官术网_书友最值得收藏!

How it works...

Model evaluation is a key step in any machine learning process. It is different for supervised and unsupervised models. In supervised models, predictions play a major role; whereas in unsupervised models, homogeneity within clusters and heterogeneity across clusters play a major role.
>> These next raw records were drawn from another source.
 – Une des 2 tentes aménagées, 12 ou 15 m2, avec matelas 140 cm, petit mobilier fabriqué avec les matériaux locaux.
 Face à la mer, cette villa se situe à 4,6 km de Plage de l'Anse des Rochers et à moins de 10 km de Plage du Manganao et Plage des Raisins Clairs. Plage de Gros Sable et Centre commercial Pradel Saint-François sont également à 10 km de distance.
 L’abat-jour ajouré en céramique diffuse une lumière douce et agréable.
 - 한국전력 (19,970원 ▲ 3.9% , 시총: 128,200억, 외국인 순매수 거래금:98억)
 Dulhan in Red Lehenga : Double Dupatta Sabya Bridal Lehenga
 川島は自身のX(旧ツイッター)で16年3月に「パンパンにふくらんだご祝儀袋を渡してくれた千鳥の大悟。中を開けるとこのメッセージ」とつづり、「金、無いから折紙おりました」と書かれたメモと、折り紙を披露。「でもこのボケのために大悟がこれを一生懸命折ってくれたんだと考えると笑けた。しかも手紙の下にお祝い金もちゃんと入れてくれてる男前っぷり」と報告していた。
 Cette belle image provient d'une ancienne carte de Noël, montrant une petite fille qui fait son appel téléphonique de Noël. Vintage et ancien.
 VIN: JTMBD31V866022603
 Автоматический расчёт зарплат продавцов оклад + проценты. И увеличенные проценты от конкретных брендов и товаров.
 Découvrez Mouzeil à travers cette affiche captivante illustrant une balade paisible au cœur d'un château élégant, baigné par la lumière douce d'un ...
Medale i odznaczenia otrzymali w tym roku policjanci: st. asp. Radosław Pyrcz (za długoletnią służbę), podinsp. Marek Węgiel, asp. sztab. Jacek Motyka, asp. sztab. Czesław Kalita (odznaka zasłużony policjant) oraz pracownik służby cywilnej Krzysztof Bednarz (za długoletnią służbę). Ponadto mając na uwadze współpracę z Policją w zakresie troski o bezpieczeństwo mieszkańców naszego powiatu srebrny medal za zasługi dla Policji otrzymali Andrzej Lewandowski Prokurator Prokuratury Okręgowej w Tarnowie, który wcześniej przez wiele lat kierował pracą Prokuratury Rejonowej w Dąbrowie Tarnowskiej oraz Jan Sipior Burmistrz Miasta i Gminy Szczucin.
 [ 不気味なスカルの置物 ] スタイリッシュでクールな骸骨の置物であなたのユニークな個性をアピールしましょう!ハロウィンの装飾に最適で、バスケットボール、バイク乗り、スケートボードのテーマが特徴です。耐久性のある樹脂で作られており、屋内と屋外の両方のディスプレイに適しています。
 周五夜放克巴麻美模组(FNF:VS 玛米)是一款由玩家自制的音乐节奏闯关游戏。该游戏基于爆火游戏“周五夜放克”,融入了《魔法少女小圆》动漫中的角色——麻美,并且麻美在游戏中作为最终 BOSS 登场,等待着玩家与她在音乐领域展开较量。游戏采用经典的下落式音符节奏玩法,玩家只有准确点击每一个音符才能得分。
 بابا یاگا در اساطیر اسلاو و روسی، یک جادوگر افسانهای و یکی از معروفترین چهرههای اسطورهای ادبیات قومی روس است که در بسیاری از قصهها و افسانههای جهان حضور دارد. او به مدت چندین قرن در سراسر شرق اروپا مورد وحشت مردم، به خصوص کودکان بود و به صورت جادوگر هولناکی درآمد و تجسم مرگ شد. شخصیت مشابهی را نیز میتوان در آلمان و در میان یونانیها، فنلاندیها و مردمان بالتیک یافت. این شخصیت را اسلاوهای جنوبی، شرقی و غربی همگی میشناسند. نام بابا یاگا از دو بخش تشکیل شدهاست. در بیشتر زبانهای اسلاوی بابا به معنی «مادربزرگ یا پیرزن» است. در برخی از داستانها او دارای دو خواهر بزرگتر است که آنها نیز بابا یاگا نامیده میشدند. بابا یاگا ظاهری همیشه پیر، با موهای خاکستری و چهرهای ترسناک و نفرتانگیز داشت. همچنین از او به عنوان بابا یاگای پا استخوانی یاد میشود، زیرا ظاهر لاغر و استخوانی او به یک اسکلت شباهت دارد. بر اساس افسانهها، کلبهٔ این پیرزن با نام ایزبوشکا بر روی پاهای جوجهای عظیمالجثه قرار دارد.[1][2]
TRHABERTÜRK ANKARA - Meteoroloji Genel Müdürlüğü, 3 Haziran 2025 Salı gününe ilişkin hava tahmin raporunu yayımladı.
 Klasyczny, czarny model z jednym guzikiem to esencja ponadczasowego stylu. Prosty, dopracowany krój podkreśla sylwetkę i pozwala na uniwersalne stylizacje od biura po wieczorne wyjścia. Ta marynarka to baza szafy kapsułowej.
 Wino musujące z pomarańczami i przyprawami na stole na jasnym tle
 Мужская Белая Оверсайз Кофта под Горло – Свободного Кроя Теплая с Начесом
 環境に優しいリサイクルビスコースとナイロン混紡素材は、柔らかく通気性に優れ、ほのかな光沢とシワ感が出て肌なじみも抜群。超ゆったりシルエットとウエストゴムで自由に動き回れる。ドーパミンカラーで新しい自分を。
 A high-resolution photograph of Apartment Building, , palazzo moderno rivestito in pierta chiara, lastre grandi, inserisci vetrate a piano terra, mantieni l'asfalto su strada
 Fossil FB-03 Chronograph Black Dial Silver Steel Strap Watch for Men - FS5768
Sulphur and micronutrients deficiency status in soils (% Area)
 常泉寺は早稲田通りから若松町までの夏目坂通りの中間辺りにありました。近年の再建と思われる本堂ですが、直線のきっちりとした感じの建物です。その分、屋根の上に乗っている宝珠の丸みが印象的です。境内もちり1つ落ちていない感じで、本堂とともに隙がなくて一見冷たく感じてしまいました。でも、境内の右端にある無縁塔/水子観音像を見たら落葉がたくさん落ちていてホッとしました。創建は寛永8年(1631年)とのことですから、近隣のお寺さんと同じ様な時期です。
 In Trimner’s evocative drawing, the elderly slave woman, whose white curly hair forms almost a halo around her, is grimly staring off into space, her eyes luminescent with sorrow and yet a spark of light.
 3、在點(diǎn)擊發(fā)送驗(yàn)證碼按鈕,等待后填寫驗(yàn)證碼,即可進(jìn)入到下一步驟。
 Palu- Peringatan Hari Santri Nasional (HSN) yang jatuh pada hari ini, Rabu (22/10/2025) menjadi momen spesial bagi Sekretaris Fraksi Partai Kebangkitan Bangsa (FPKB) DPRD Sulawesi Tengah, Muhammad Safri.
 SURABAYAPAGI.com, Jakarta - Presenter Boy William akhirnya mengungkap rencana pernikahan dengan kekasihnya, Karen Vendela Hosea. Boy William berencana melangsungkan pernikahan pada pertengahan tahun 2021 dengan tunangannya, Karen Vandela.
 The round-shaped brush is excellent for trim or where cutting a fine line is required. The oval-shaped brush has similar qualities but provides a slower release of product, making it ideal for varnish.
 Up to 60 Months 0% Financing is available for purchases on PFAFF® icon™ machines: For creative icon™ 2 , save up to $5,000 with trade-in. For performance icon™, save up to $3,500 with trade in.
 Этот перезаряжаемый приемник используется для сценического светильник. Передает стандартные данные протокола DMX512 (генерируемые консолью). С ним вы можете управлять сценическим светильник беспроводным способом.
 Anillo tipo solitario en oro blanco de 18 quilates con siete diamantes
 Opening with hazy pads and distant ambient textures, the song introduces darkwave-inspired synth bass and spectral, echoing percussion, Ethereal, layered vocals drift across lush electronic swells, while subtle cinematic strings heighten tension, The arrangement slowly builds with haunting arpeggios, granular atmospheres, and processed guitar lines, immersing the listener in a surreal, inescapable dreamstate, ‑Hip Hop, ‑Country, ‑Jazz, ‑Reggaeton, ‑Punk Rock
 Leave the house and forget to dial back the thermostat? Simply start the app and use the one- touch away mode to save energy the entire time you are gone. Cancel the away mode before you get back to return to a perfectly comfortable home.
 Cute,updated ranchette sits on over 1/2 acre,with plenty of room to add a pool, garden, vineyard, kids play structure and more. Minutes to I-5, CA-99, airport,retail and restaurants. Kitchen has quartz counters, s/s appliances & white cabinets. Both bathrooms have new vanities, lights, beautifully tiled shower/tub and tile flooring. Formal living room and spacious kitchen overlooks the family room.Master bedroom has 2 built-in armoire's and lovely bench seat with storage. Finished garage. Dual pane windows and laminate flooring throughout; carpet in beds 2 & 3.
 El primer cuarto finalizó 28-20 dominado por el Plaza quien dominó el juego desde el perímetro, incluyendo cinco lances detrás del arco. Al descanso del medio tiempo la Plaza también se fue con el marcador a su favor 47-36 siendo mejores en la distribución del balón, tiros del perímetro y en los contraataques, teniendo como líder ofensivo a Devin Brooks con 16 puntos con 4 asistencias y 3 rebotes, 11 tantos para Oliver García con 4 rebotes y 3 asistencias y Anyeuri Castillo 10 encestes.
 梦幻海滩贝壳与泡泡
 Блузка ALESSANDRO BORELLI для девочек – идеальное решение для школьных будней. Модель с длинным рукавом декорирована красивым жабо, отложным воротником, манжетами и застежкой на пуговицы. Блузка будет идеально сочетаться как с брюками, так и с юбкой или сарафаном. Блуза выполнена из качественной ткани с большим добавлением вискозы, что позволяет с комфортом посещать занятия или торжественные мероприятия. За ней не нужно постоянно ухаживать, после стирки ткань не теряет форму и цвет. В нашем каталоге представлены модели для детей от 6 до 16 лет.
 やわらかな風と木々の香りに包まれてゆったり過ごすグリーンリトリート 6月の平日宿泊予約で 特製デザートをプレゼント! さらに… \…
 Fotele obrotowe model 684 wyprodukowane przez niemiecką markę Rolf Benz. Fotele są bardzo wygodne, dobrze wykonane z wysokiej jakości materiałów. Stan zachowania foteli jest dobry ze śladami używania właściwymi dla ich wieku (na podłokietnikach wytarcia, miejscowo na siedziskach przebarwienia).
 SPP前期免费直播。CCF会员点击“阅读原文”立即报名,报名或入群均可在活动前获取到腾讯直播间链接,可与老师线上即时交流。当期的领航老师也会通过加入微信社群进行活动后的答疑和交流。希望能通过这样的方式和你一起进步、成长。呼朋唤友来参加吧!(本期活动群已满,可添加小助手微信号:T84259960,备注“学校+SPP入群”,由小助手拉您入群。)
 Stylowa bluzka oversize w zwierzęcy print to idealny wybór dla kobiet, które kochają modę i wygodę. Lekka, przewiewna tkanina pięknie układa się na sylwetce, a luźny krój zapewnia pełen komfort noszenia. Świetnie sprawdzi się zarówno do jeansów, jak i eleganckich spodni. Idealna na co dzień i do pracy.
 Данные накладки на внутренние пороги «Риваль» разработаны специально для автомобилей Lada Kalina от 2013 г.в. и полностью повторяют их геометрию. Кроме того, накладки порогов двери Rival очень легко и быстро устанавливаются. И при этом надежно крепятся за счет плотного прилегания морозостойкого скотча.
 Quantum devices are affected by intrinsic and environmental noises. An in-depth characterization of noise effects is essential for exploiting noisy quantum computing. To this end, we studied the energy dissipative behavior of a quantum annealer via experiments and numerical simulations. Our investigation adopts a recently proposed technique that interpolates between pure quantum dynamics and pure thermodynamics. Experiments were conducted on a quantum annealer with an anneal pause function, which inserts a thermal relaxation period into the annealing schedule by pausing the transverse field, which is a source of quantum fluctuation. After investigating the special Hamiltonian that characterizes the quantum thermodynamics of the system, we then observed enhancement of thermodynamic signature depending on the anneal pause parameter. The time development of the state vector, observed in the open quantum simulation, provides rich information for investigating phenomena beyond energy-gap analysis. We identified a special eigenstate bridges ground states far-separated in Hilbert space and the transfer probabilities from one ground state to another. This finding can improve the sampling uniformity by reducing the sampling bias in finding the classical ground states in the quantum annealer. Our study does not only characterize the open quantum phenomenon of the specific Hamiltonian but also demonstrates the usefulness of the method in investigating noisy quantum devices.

Some widely used model evaluation parameters for regression models (including cross validation) are as follows:

  • Coefficient of determination
  • Root mean squared error
  • Mean absolute error
  • Akaike or Bayesian information criterion

Some widely used model evaluation parameters for classification models (including cross validation) are as follows:

  • Confusion matrix (accuracy, precision, recall, and F1-score)
  • Gain or lift charts
  • Area under ROC (receiver operating characteristic) curve
  • Concordant and discordant ratio

Some of the widely used evaluation parameters of unsupervised models (clustering) are as follows:

  • Contingency tables
  • Sum of squared errors between clustering objects and cluster centers or centroids
  • Silhouette value
  • Rand index
  • Matching index
  • Pairwise and adjusted pairwise precision and recall (primarily used in NLP)

Bias and variance are two key error components of any supervised model; their trade-off plays a vital role in model tuning and selection. Bias is due to incorrect assumptions made by a predictive model while learning outcomes, whereas variance is due to model rigidity toward the training dataset. In other words, higher bias leads to underfitting and higher variance leads to overfitting of models.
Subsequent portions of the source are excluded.